2) Ethanol is not as efficient as gasoline. I saw one figure that said 3% less efficient, but that was probably from an ethanol propaganda site. Wikipedia says gasoline [wikipedia.org] is more like a 48% gain in BTU over ethanol (104k BTU/gal versus 70.3k BTU/gal).

If we say that gasoline costs $2.00 per gallon, that's $1.92 for 100,000 BTU of energy ($2/1.04). To be competitive, the price of ethanol must be about $1.35 per gallon ($1.92 * 0.703). If we can get the price of ethanol below that, there would be no reason to buy gasoline.

Well, what is wrong with this picture then? This site [johnston-independent.com] says the cost of producing ethanol has dropped from $1.40 in 1980 to under $1.00 in 2001, with the average being $1.09 (since some plants use old equipment still). If ethanol costs less per unit work, why don't more cars run on it, or at least higher blends of it?

Can someone comment on these points? I don't have time to research them all...

  1. Is ethanol less powerful, therefore our SUV/muscle car culture that isn't interested in fuel efficiency doesn't care, they just want the power?
  2. Is it that the range of a car will be 30% less running pure ethanol that it would be with pure gasoline?
  3. Is ethanol more volatile? Wikipedia says it's flashpoint is pretty low, 17 degrees celsius I believe.
  4. Are my numbers wrong above?
  5. Is it a conspiracy of the oil companies?
  6. Is production too low? If more people bought it, would the price just go back up?

Re:Why talk about energy, talk about money! (1)

TykeClone (668449) | more than 9 years ago | (#12927109)

Some gas stations are starting to carry E85 at the pump (85% ethanol, 15% gasoline).

The problem with burning straight ethanol is that it will eat the rubber bits in the fuel system (at least that used to be the problem - perhaps newer cars can handle it?).

Eco-econo-thermodynamics (1)

DynaSoar (714234) | more than 9 years ago | (#12927134)

First, try thinking about it in the terms Bucky Fuller suggested: energy is the real value, and money is just an abstraction of it. They are interchangeable because they're inseperable.

Of course it's ineffecient. If it were efficient, it'd be cheap, and nobody could make money doing it, and so wouldn't do it on a scale useful to a population which is incapable of doing it for themselves.

Unaddressed is the complete cost of its use in terms of cleaning up the biosphere mess after. It's unaddressed because it's the same for both ethanol and petroleum, and so wouldn't serve his purpose. It'd make everything look equally bad. It's these after-costs that are the big hit against nuclear power, and the manufacturing costs (direct and long-term indirect) are frequently ignored by clean/green energy. What's it take to produce an acre of solar panels?
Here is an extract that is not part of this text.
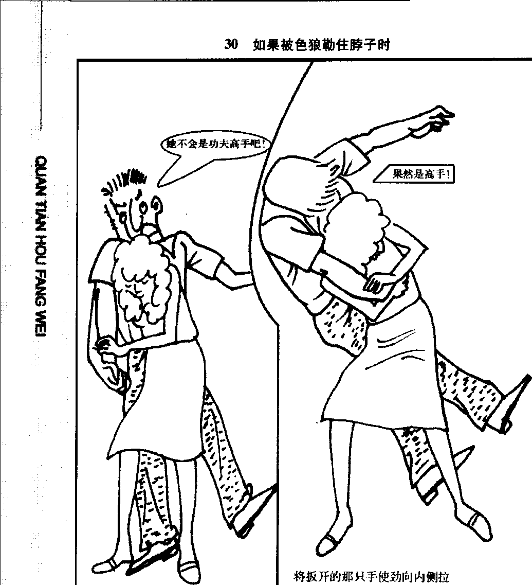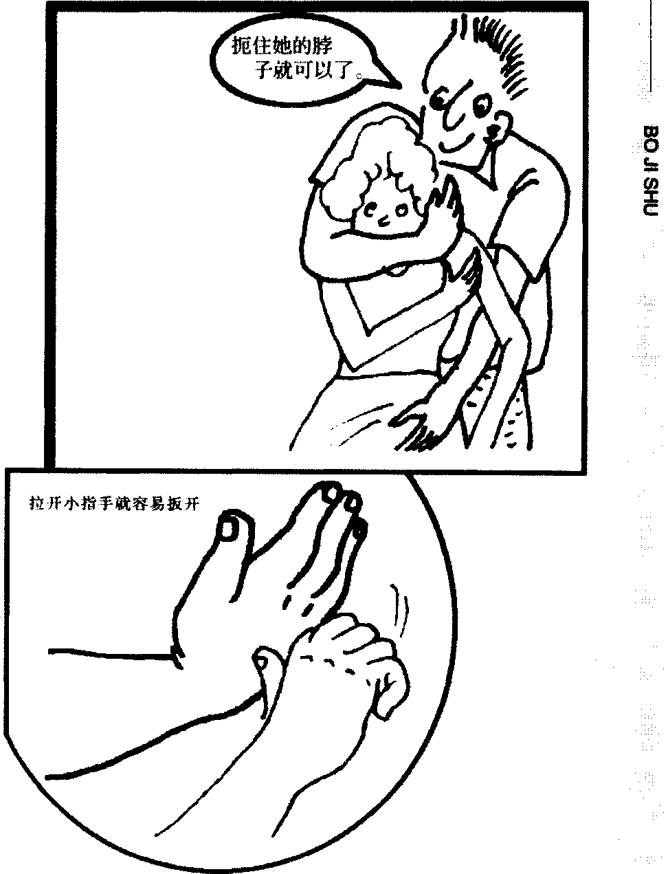 提示脖子被扼住时收紧领部是防止被勒的第一个要诀。然后先拉开色狼的小指。

A hundred windmills?

Why is it so surpising to people that thermodyamics works, and insists on the entire system be included?

Ginsberg's Theorem (The modern statement of the three laws of thermodynamics)
1. You can't win.
2. You can't even break even.
3. You can't get out of the game.

Well, you personally can get out of the game. But your organic molecules can't. They have to stay and get recycled in the constant fight against entropy. And here is where such biased reporting and reporters could be of use. Recycle all that paper they marked up, and their organic molecules. I mean, they DO want to make a difference, right?

Corn instead of tobacco (0, Offtopic)

lazy genes (741633) | more than 9 years ago | (#12927278)

Planting corn instead of an addictive product that kills people is a win win .The amount of energy spent on tobacco related problems is sickning.I smoke these addictive products.I am trolling for karma bich.